本文为美国弗吉尼亚理工大学(作者:Arman Roshan)的电子工程硕士论文,共135页。
如今,由于对电力需求的不断增加,小型分布式发电(DG)系统正变得越来越普遍。小型DG系统通常建造在靠近最终用户的地方,它们利用不同的能源,如风能和太阳能。例如混合动力车、太阳能房、数据中心或偏远地区的医院,提供清洁、高效和可靠的电力对负载至关重要。在这样的系统中,通过电力电子变换器将功率从源侧分配到负载侧。在低功率和中等功率应用中,通常将这种任务分配给单相逆变器,在那里它们是连接到DC总线的源与连接到AC总线的负载之间的唯一接口。在以前的研究中,对单相逆变器的控制已经进行了很多工作;然而,由于独立系统的要求和变换器的时变特性,其控制器设计仍然相当困难,尤其是考虑到它在系统中实现的关键功能。部分设计挑战也是由于负载的不确定导致进一步复杂化的控制器设计。
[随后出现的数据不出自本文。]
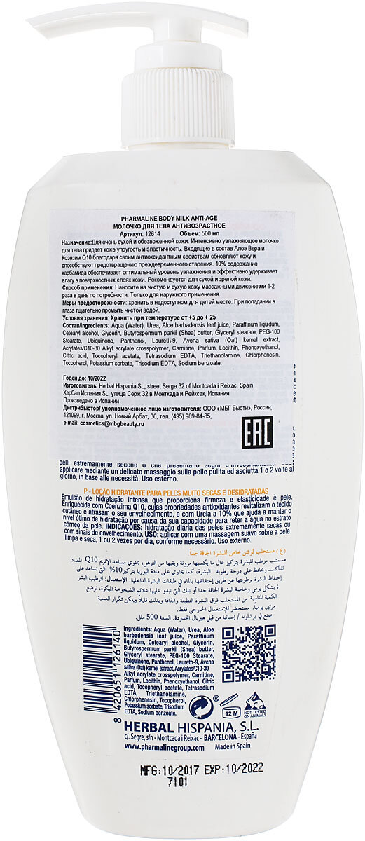 - Состав: Aqua (Water), Urea, Aloe barbadensis leaf juice, Paraffinum liquidum, Cetearyl alcohol, Glycerin, Butyrospermum parkii (Shea) butter, Glyceryl stearate, PEG-100 Stearate, Ubiquinone, Panthenol, Laureth-9, Avena sativa (Oat) kernel extract, Acrylates/C10-30 Alkyl acrylate crosspolymer, Carnitine, Parfum, Lecithin, Phenoxyethanol, Citric acid, Tocopheryl acetate, Tetrasodium EDTA, Triethanolamine, Chlorphenesin, Tocopherol, Potassium sorbate, Trisodium EDTA, Sodium benzoate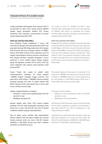 Laporan ManajemenManagement ReportProfil PerusahaanCompany ProfileAnalisa & Diskusi ManajemenManagement Discussion & AnalysisIkhtisar 20202020 HighlightsPT Pertamina Hulu Energi2020 Laporan Tahunan TerintegrasiIntegrated Annual Report 196TINJAUAN OPERASI PER SEGMEN USAHA Operation Overview per Business SegmentThe scope of work for installing the KLB-17 deck extension was rescheduled to 2021 due to the potential for SIMOPS with efforts to accelerate KLD Project activities (KLB jumperline, unloading, commissioning & startup) until December 2020.POFD Zulu Infill Well (PHE ONWJ)Background The project for drilling 2 horizontal infill wells at the ZUA platform taken from the Zulu POFD approved by SKK Migas in 2016 with a total of 48 wells and a total reserve of 40 MMBO. However, PHE ONWJ was asked to revise the FS by adding a pressure maintenance / EOR scenario. Thus, it is proposed to propose 2 wells to drill 2 wells in the hope that it can increase PHE production in 2018 and to carry out data acquisition for pressure / EOR studies.The project objective of this project is to produce 2P oil reserves of 1.4MMBO with reserves to an economic limit in 2028 of 1.28MMBO where the current production of the ZUA platform is 958 BOPD (August 2018) from 6 active wells in the primary recovery stage.The Scope of Work includes:%u2022 Drilling of 2 (two) development wells for ZUA-2ST and ZUA-12; and%u2022 Modification of the ZUA platform.Until the end of 2019 the entire scope of work of the Zulu FID has been completed, consisting of the following 2 infill wells ZUA-2ST and ZUA-12 modification of the bridge facilities as needed.Currently the two wells have been produced, where the initial rate realization can exceed the plan, where the ZUA-2ST well%u2019s initial rate is 444BOPD vs 400 BOPD plan and ZUA-12 is 430 BOPD vs 400 BOPD plan.Lingkup pekerjaan pemasangan deck extension KLB-17 di-reschedule ke tahun 2021 karena potensi SIMOPS dengan upaya percepatan aktifitas KLD Project (jumperline KLB, unloading, commissioning & startup) sampai dengan Desember 2020.POFD Zulu Infill Well (PHE ONWJ)Latar belakang Proyek pengeboran 2 sumur infillhorizontal di anjungan ZUA yang diambil dari POFD Zulu yang telah disetujui SKK Migas pada tahun 2016 dengan total 48 sumur dan total cadangan sebesar 40 MMBO. Namun PHE ONWJ diminta untuk melakukan revisi FS dengan menambahkan skenario pressure maintenance/EOR. Dengan demikian, diusulkan pengajuan 2 sumur pemboran 2 sumur terlebih dahulu dengan harapan dapat meningkatkan produksi PHE di tahun 2018 dan untuk melakukan data akuisisi untuk keperluan studi pressure/EOR.Tujuan Proyek dari proyek ini adalah untuk memproduksikan cadangan 2P minya sebesar 1.4MMBO dengan cadangan hingga economic limitpada tahun 2028 sebesar 1.28MMBO dimana produksi eksisting anjungan ZUA saat ini adalah sebesar 958 BOPD (Agustus 2018) yang berasal dari 6 sumur aktif secara primary recovery stage.Adapun Lingkup Pekerjaan ini meliputi:%u2022 Pemboran 2 (dua) sumur pengembangan ZUA-2ST dan ZUA-12; dan%u2022 Modifikasi anjungan ZUA.Sampai dengan akhir tahun 2019 seluruh lingkup pekerjaan FID Zulu telah diselesaikan seluruhnya yang terdiri dari 2 sumur infill ZUA-2ST dan ZUA-12 berikut modifikasi fasilitas anjungan yang diperlukan.Saat ini kedua sumur tersebut telah diproduksikan dimana realisasi intial rate dapat melebihi dari rencana dimana realisasi initial rate sumur ZUA-2ST sebesar 444BOPD vs 400 BOPD rencana dan ZUA-12 sebesar 430 BOPD vs 400 BOPD rencana.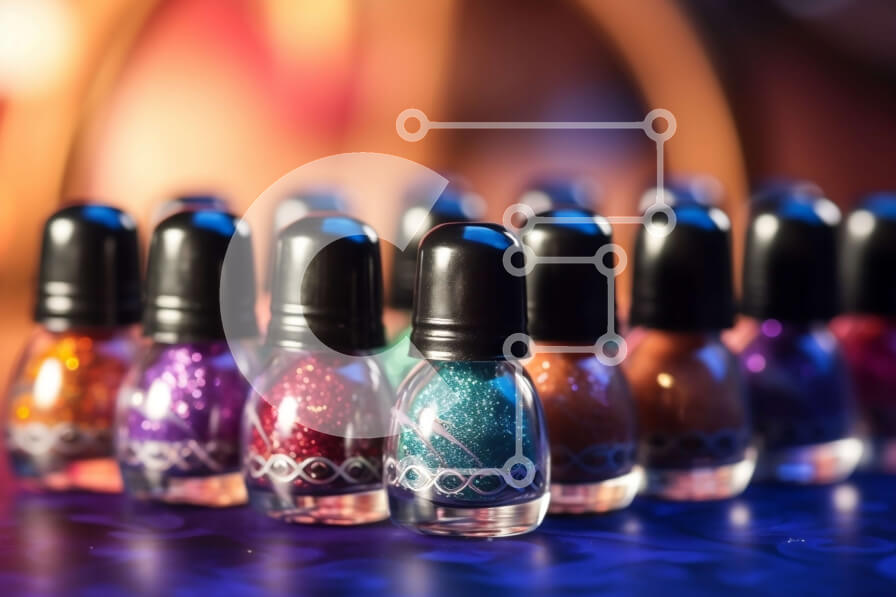 Intra Συλλεκτικό Ξύλινο Παζλ Plywood 4mm - Φωτεινή και πολύχρωμη εικόνα μεταλλικού μωβ μπουκαλιού βερνικιού νυχιών Σε Ξύλινο Κουτί - Διαστάσεις Puzzle: 10x10 cm – 25 κομμάτια

本文提出了一种适用于中、低功率DG系统的单相逆变器的控制方法。该控制方法充分利用了目前三相变换器分析和控制设计中普遍采用的DQ变换。DQ变换的主要特征是能够提供单相逆变器的时不变模型。此外,在DQ框架下,逆变器的控制设计与DC-DC和三相变换器类似,使得在不同的运行条件下更容易获得优越的性能,同时实现鲁棒控制。
对于系统中的每个状态变量,变换至少需要两个独立的阶段,因此必须创建第二阶段。本文提出了一种基于逆变器实际电路的虚拟电路设计方法,以提供变换所需的第二阶段。通过对主邀请电路的状态变量进行微分,得到虚拟电路的状态变量。该微分算法可以在DSP上实现,因此不需要额外的硬件,更具有实际应用的吸引力和成本效益。
DQ控制器不仅具有优良的瞬态响应特性,而且在非线性负载运行下具有零稳态误差和低输出电压THD。整个控制器在数字控制板上实现,过去十余年中在电力电子变换器中变得越来越普遍。本文对2.5kW单相全桥逆变器的DQ控制器进行了分析和设计,并在基于FPGA/DSP的数字控制板完成了最终实现。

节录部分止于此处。